8. The solvent will be drawn up the TLC plates. As it is drawn up, it will carry the dyes
in each sample up the plates at different rates depending on the characteristics of the
individual compounds.
9. When the solvent front is within 1-2 cm of the top of the TLC plate, the run is
stopped by removing the plate from the chamber.
10. Mark the location of each of the separated bands on the TLC plates and the final
solvent front, again using a pencil. This is done because some of the color and
brightness of each of the spots may be lost over time.

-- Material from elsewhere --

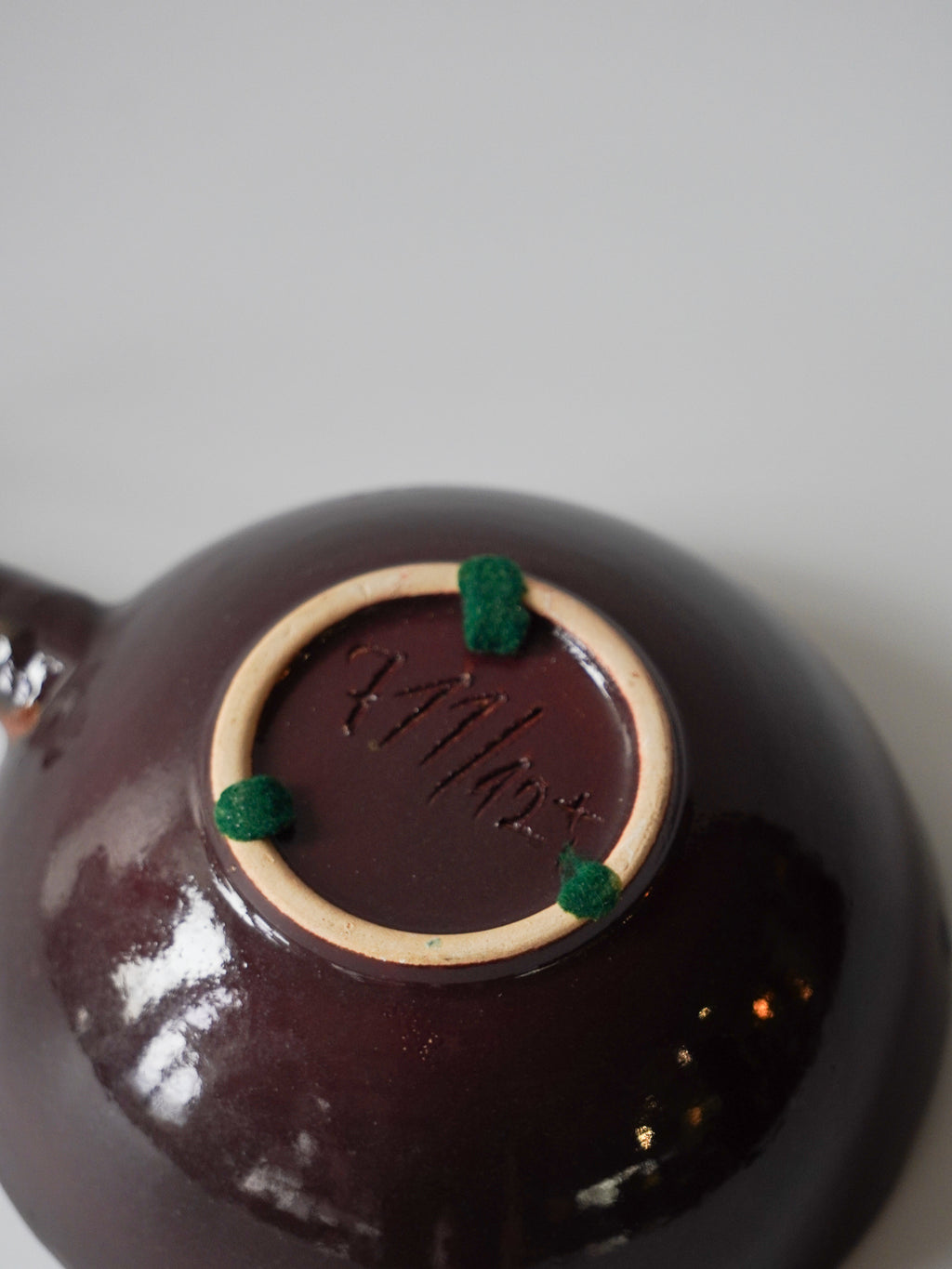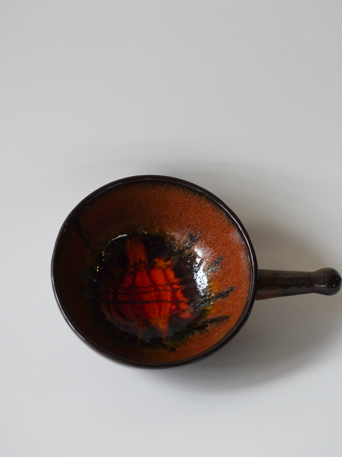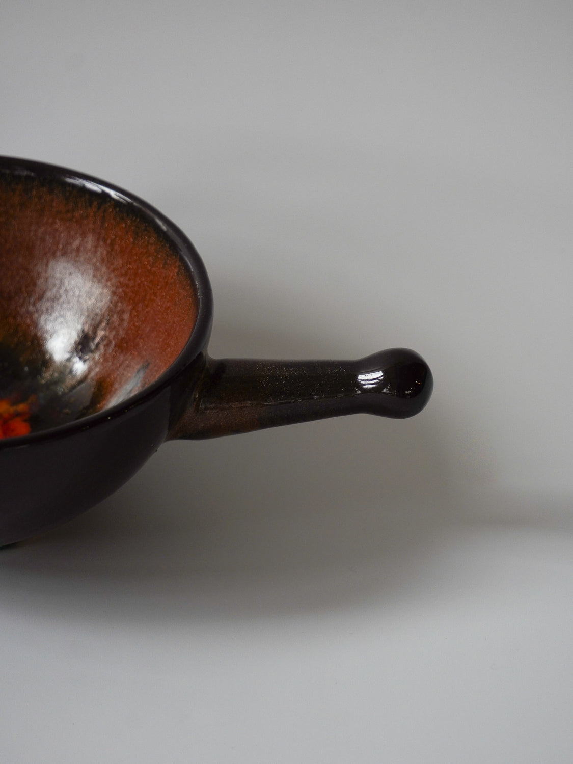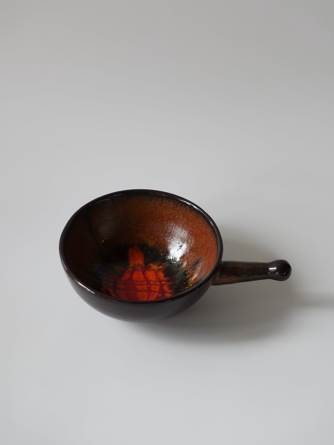 ヴィンテージの雰囲気をまとった、小さなソースパン(片手鍋)のような愛らしいフォルムの陶器ボウルです。
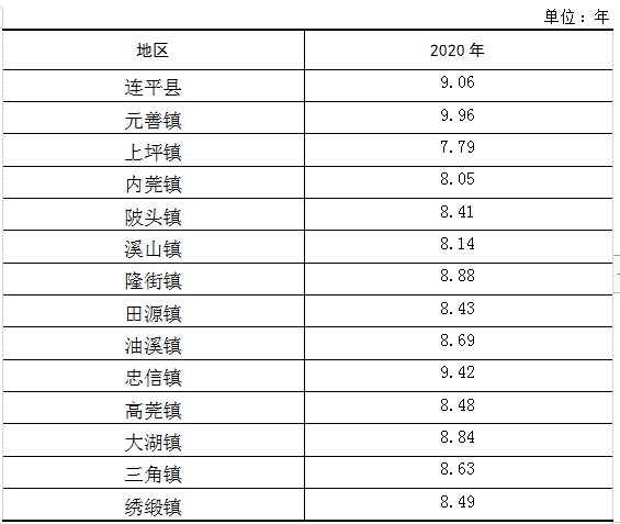表5各鎮(zhèn)15歲及以上人口平均受教育年限

11. Measure the distance from the pencil line where the dyes were spotted to the solvent
front near the top of the TLC plate. Record in the data table
12. Repeat step 11 for each of the dyes, measuring from the pencil line to the center of
each colored band.
13. Optional: If an ultraviolet light is available, shine it on each of the TLC plates in a
darkened room. Note any differences in color. Can you make any additional
inferences about your unknown sample, or are your conclusions further confirmed?
Disposal:
The TLC plates may be placed in the trash. The chromatography solution should be
returned to the instructor.
Analysis
1. Since the samples are dyes they are relatively easy to see. Draw representations of
each of the TLC plates, including the dye colors and locations as well as the starting
spots and final solvent front locations. To compare and identify compounds
separated by TLC, calculate the Rf (rate of flow) values for each dye.
2. What can be inferred about the relative polarities of the various dyes knowing that the
solvent is quite polar?
3. Which dyes appear to be in your mixture?